A union type is defined in terms of a set of underlying types. The set of values of a union type is the union over the sets of values of the underlying types.
Each underlying type is a subtype of the union type in the sense of subtype as subset.
Consider the following definition of a data type named X
$variant+ X
{
char8;
int32;
float64;
string8;
};
A variable of type X is able to hold either a char8, int32, float64 or string8 value. It is 'tagged' meaning that it is possible to determine which of these 4 types of values a variable of type X currently holds.
X is implemented using a 32 bit tag value, plus sufficient space to take up the largest of the types to union over.
In this case one of the types (string8) has non-trivial copy constructor, copy assignment and destructor methods. Nevertheless it can appear in the union. For example, when a variable of type X destructs, it will call the string destructor if it holds a string value.
X has no defined default value. Therefore there is no default constructor available. The following code generates a compiler error:
// error C2512: 'X' : no appropriate default constructor available
X x;
A default value can be specified at the top of the variant definition. For example the following sets the default value to be an int32 equal to 23.
$variant+ X
{
default 23;
char8;
int32;
float64;
string8;
};
There is now a default constructor, allowing for the following code:
X x;
assert( x.is<int32>() );
assert( x.as<int32>() == 23 );
Specifying values of a union type is easy because there are implicit conversions from each of the underlying types in the union.
There are overloaded constructors for X for each of the underlying types:
X x1(10);
X x2('z');
X x3(3.14);
X x4("hello world");
Variables of type X can be assigned values of any of the underlying types:
X x1 = 10;
X x2 = 'z';
X x3 = 3.14;
X x4 = string8("hello world");
The template function:
bool X::is<T>() const
is defined for each underlying type T of the union type.

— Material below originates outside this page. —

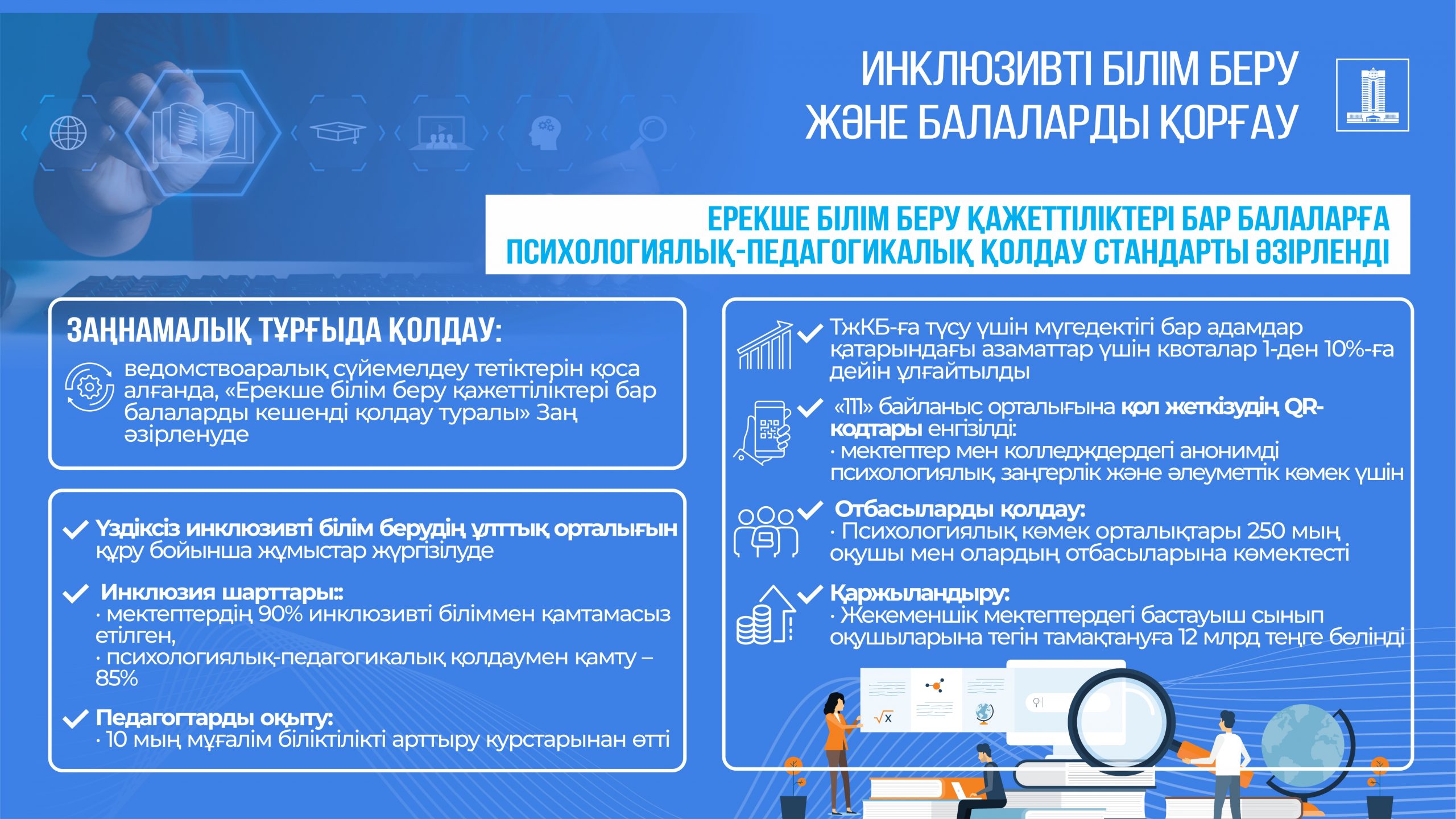 📌 Елімізде алғаш рет ерекше білім беру қажеттіліктері бар балаларды арнайы психологиялық-педагогикалық қолдау стандарты әзірленді. Мемлекеттік деңгейде білім берудің барлық деңгейлерінде ерекше білім беру қажеттіліктері бар балаларды сүйемелдеуге жүйелі тәсіл бекітіледі.

This returns true if the value is of that type.
For example
if (x.is<int32>())
{
std::cout << "x is an int32\n";
}
else if (x.is<string8>())
{
std::cout << "x is a string8\n";
}
The template member functions
const T& X::as<T>() const;
T& X::as<T>();
are defined for each underlying type T of the union type, allowing for downcasts to type T as both an l-value and an r-value. In debug builds an assertion fails if the variant isn't exactly of that type. In release builds you get undefined behaviour
Example:
x.as<string8>() += " world"; // as l-value
string8 s = x.as<string8>(); // as r-value
operator==() and operator!=() are always defined on union types. Two values compare equal if and only if they have the same underlying type and the same value of that type.
Example:
X x1 = 65;
X x2 = 66;
X x3 = 'A';
X x4 = int32('A');
assert( x1 != x2 );
assert( x1 != x3 );
assert( x1 == x4 );
assert( x1 == 65 );
This is somewhat illogical but we cater explicitly for a notion of a "value" that represents a missing value (yes that is self contradictory), but if one really wants to embrace a notion of NULLs, whatever than means, then we provide a convenient syntax!
In the following example, one of the types is 'void'.
$variant X
{
// Trying to specify a default value causes a compiler error
//default int16(100);
void;
int16;
};
A curious feature of doing so is that it defines a default constructor which corresponds to the "void" value, so it is not possible to define a default value with the 'default' keyword.
X x;
assert( x.is<void>() );
Arrays of the form T[SIZE] are mapped into the template Array<T,SIZE>. Consider the following union type
$variant X
{
int32;
char8[10];
};
The type Array<T,SIZE> must be used for the is<> and as<> template functions:
typedef Array<char8,10> array;
array s;
for (int i=0 ; i < 10 ; ++i) s[i] = char8('a' + i);
x = X(s);
std::cout << "x = " << x << '\n';
assert( x.is<array>() );
assert( x.as<array>()[1] == 'b' );
Any of the underlying types within the union can be specified as "heap allocated" by preceding the type with an asterisk.
This causes the implementation to only record a pointer to the value within the space shared by all the types in the variant.
However, this is really just an implementation detail. Semantically the variant still records a value of one of the types. All the implicit conversions are supported and the is<>() and as<>() template functions are defined without regard for the indirection used in the physical implementation.
One reason for creating an indirection could be deal with a significant mismatch in sizes of the types.
$variant X
{
int32;
*char8[1000]; // heap allocated so sizeof(X) = 8, so that when int32's are
// stored it isn't so wasteful.
}
The following is impractical (there is no good reason to heap allocate the float64)
$variant X
{
default 0;
int32;
*float64; // Asterisk means the float64 is heap allocated
};
The following code illustrates how it can be used:
xvector<X> L;
L.push_back( 10 );
L.push_back( 3.14 );
assert( L[0].is<int32>());
assert(!L[0].is<float64>());
assert(!L[1].is<int32>());
assert( L[1].is<float64>());
See the Shape example for another example of a union type, and for details about how to define polymorphic functions on union types.